* _Task requirements_
Restate word for word the lines of the entries below, starting with the line that holds "笑顔があふれる運営委員会" and ending with the line that holds "Çorum'da bir motosiklet", and no others.

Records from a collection

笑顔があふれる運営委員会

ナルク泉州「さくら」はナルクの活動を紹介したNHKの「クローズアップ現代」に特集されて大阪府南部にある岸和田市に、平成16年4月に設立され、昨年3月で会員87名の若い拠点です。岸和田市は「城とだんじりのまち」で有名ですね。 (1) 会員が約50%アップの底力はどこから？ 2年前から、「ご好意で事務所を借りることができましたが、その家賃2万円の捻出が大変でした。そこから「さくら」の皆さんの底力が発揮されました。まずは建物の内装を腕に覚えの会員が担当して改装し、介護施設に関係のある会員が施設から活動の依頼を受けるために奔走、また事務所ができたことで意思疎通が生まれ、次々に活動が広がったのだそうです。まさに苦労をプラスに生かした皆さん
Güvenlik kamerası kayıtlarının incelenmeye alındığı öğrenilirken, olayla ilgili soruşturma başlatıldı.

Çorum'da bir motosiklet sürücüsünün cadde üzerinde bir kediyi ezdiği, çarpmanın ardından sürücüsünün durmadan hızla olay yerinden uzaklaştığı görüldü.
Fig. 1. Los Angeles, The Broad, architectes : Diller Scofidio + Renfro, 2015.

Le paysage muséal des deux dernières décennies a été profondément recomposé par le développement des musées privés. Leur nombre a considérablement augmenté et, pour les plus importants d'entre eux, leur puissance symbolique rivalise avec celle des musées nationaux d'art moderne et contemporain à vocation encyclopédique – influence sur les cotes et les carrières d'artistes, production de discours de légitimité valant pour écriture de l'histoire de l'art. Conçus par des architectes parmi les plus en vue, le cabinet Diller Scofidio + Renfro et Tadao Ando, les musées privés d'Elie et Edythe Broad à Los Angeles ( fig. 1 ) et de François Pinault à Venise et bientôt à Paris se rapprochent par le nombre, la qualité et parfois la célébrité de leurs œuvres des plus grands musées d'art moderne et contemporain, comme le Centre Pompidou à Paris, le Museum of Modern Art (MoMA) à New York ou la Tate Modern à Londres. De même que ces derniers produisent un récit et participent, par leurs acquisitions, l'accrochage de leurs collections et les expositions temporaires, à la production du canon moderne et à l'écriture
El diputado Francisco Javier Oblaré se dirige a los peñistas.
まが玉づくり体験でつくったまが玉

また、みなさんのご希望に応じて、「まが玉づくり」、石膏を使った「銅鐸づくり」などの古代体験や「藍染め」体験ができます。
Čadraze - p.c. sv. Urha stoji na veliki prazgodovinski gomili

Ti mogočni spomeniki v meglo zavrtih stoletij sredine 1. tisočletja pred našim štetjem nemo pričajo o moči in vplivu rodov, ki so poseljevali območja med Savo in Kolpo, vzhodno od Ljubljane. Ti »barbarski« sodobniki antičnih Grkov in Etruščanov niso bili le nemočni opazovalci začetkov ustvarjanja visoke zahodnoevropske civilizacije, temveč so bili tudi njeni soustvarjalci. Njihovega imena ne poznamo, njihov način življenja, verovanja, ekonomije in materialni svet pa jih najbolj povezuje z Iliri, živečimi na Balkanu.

==

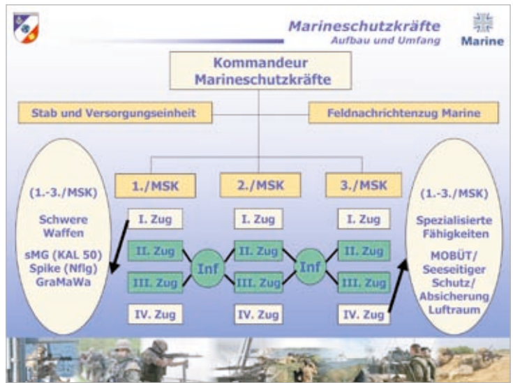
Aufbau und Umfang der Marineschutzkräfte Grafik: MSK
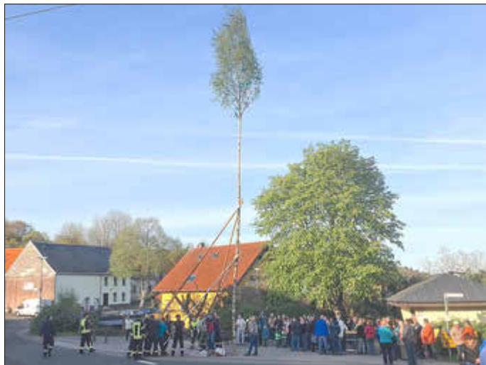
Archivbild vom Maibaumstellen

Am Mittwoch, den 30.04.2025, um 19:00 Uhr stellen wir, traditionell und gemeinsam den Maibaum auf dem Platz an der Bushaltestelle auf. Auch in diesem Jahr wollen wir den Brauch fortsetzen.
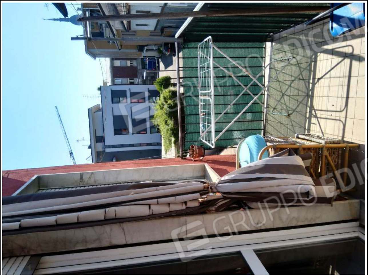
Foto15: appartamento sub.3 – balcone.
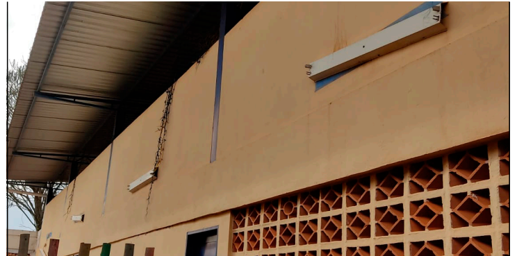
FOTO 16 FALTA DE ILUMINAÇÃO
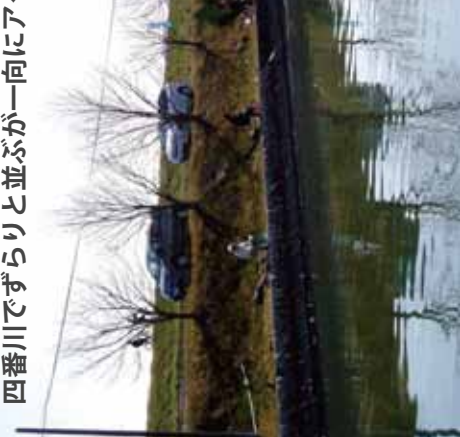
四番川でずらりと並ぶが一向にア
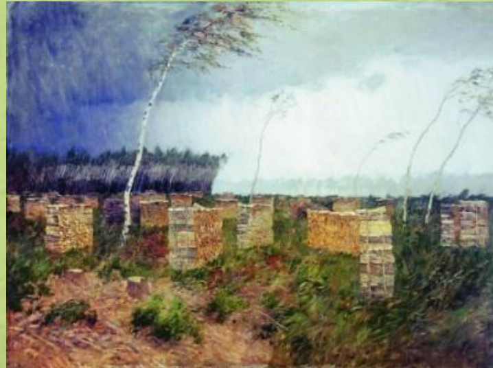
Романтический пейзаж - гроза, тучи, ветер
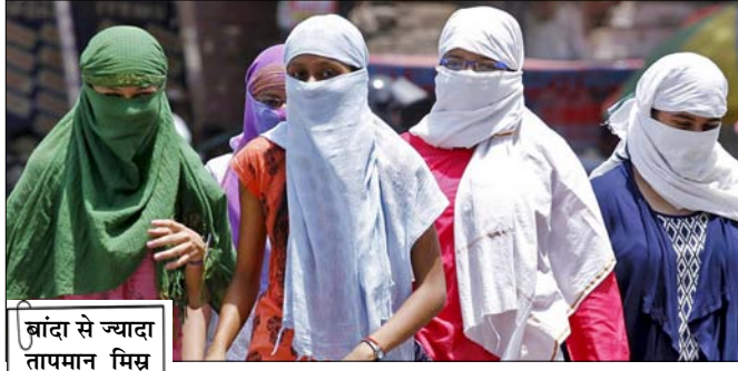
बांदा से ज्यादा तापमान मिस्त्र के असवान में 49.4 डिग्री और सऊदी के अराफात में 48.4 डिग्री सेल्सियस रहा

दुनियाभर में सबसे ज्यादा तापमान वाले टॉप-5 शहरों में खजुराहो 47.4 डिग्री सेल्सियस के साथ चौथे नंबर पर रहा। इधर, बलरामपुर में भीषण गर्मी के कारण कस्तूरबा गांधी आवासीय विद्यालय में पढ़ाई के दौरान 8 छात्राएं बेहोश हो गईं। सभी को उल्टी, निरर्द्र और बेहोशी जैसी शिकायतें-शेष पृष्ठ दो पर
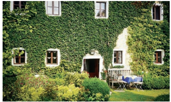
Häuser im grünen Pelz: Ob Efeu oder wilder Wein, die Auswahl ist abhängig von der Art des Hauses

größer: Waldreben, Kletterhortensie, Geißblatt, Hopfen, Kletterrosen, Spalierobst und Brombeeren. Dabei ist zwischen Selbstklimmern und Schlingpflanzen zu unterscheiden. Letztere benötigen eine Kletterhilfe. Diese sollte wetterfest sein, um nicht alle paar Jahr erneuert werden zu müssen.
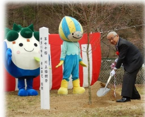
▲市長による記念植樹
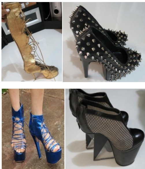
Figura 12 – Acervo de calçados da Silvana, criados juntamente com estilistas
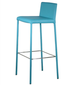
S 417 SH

* _Answer section_
笑顔があふれる運営委員会

ナルク泉州「さくら」はナルクの活動を紹介したNHKの「クローズアップ現代」に特集されて大阪府南部にある岸和田市に、平成16年4月に設立され、昨年3月で会員87名の若い拠点です。岸和田市は「城とだんじりのまち」で有名ですね。 (1) 会員が約50%アップの底力はどこから？ 2年前から、「ご好意で事務所を借りることができましたが、その家賃2万円の捻出が大変でした。そこから「さくら」の皆さんの底力が発揮されました。まずは建物の内装を腕に覚えの会員が担当して改装し、介護施設に関係のある会員が施設から活動の依頼を受けるために奔走、また事務所ができたことで意思疎通が生まれ、次々に活動が広がったのだそうです。まさに苦労をプラスに生かした皆さん
Güvenlik kamerası kayıtlarının incelenmeye alındığı öğrenilirken, olayla ilgili soruşturma başlatıldı.

Çorum'da bir motosiklet sürücüsünün cadde üzerinde bir kediyi ezdiği, çarpmanın ardından sürücüsünün durmadan hızla olay yerinden uzaklaştığı görüldü.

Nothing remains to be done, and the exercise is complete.